Realmente, tanto no Decreto-Lei nº 941/69, como na lei atual, encontra-se prevista a pena de reclusão/detenção cumulada com a medida política de expulsão, não distinguindo o legislador uma da outra, como o impõe o rigor técnico, já que não se pode considerar a expulsão como pena criminal, uma vez que é ato discricionário do Presidente da República, configurando, portanto, medida política de defesa do Estado, e não, como já referido, penalidade no âmbito do direito criminal.

A respeito, pronunciou-se o Pretório Excelso, pela voz do eminente Ministro THOMPSON FLORES, relator do célebre caso “Guy Michel”, verbis:

“ (...)
É mister convir, e há momentos salientara no debate o eminente Ministro Aliomar Baleeiro, ser inescusável o direito assegurado ao Chefe do Poder Executivo de prover sobre a expulsão do estrangeiro, como ato de vontade do Estado, expressão da sua soberania. S. Exª., nos termos da Lei, art. 8º do DL. 479, de 08.06.38, é o juiz único da conveniência do ato, que se reveste, dessarte, do nítido cunho da discricionariedade, no sentido próprio dessa expressão.

Em tais condições, sua limitação reside, apenas, na Constituição e nas leis.”
(HC nº 45.067-DF, rel. Min. THOMPSON FLORES, in RTJ 49/835)

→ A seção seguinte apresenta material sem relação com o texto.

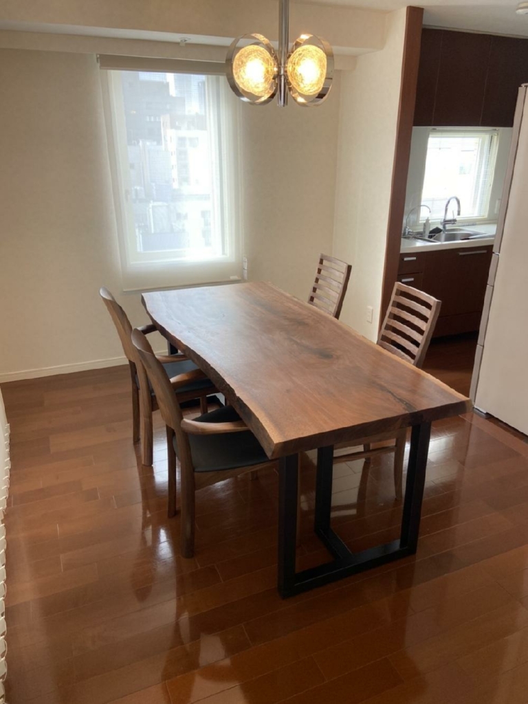 大阪市天王寺区にアメリカンウォールナット一枚板のダイニングテーブルとTVボード、
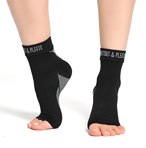 Buttons & Pleats Foot Compression Sleeves are revolutionary ankle sleeves with an open toe design to help you maintain a full range of motion. Our ankle socks feature graduated compression, squeezing the foot more or less across their length in key areas to promote circulation optimally. Our ankle support socks provide a number of benefits, including:
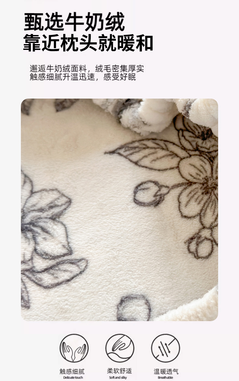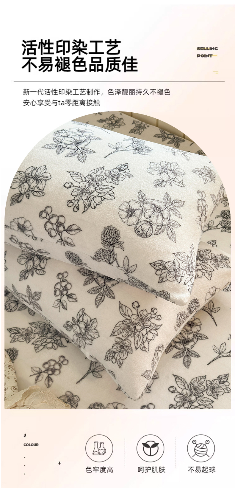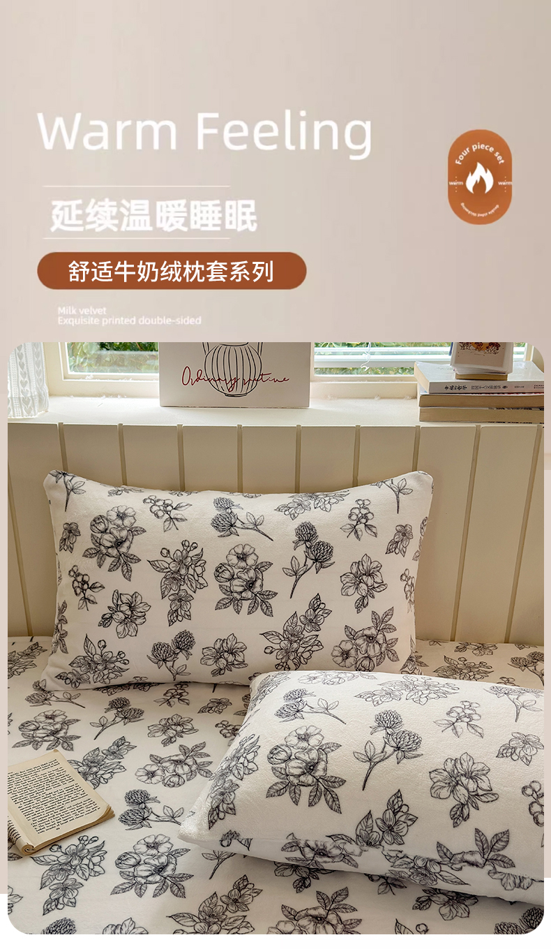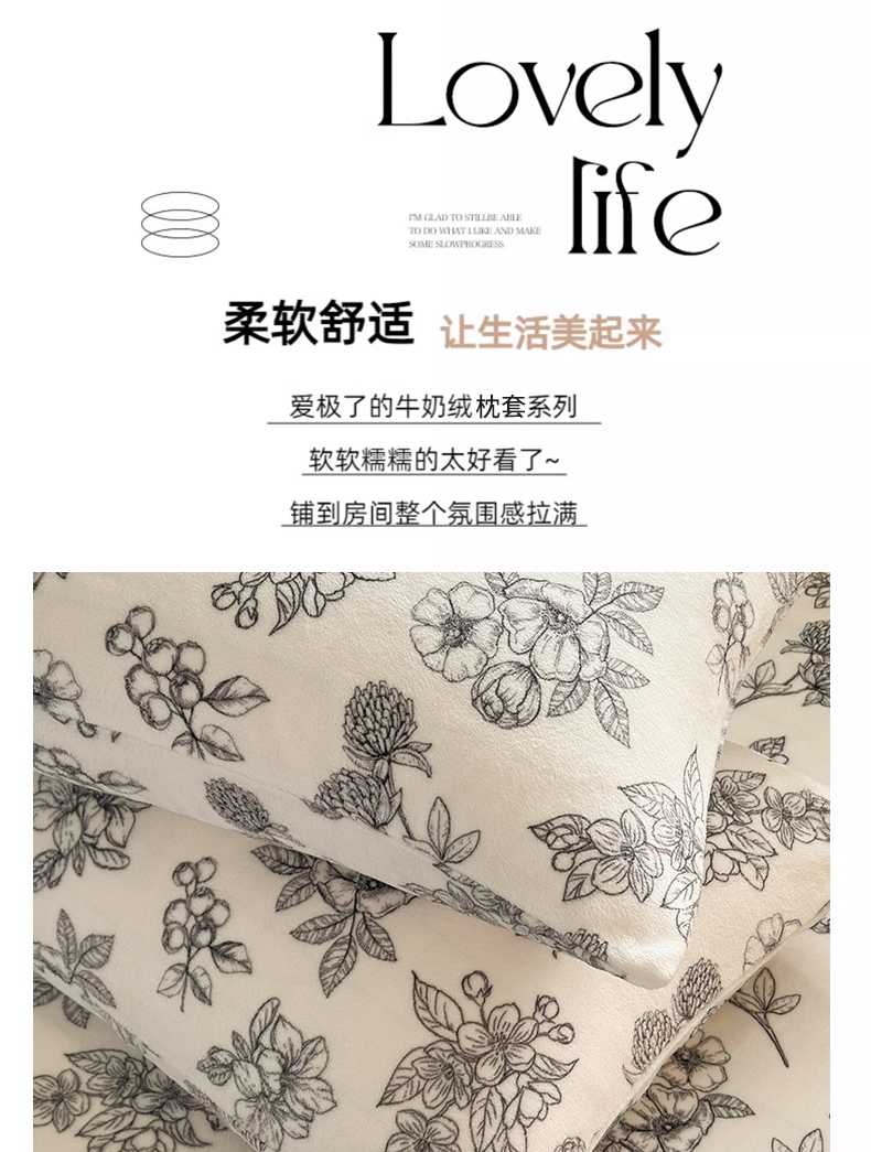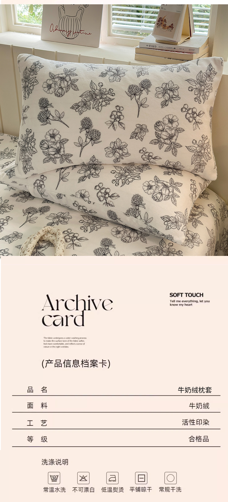 丽美人家纺 2025新款牛奶绒小版枕套 复古山茶

Nesse sentido é o magistério autorizado de CHARLES ROUSSEAU, Mestre da Universidade de Paris, verbis:

“Acte unilatéral et mesure de police, l’expulsion est l’expression d’une compétence discrétionnaire exercée par l’autorité administrative (en France par le ministre de l’Intérieur et le préfet dans les départements-frontière), et qui n’a pas à être motivée ... Suivant la formule traditionnelle de la jurisprudence administrative française, l’appréciation des faits à laquelle se livre le ministre de l’Intérieur pour estimer que la présence d’un étranger constitue une menace pour l’ordre public n’est pas susceptible d’être discutée devante le Conseil d’Etat en l’absence de détournement de pouvoir.”
(In Droit International Public, Sirey, 1977, Paris, t. III, p. 19, n. 13)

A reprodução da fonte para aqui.